6. And, most consequentially, there was the notorious “Excel error” paper, where fatal flaws were discovered and the authors dismissed this as an ““academic kerfuffle,” which isn’t quite “the conclusions are unchanged,” but close enough. Again, imagine if someone had published a null result and then, once the data had been fixed, a big estimate in their preferred direction had shown up. I think they would’ve said this was a big deal.

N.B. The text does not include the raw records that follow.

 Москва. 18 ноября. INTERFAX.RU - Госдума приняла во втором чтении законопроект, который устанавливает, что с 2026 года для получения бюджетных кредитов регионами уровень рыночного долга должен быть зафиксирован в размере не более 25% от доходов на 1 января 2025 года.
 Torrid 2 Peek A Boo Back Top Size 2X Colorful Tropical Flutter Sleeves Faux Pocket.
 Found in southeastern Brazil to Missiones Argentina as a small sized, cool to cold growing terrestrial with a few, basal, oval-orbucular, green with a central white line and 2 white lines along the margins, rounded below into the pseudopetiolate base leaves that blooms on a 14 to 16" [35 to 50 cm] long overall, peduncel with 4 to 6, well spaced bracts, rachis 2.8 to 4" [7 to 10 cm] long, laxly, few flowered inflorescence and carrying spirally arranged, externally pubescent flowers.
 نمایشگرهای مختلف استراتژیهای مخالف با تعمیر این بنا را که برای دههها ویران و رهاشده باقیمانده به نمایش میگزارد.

I’m happy to retell these above stories as often as might be needed–recall Paul Alper’s horse—; my point in this post is to give examples of the error-reversal heuristic.

P.S. Sometimes people do it right. Here’s an example where fatal flaws were found in a published paper, and the authors concluded, “A reanalysis of the data leads to revised findings that do not replicate the results in the original paper.” So it is possible.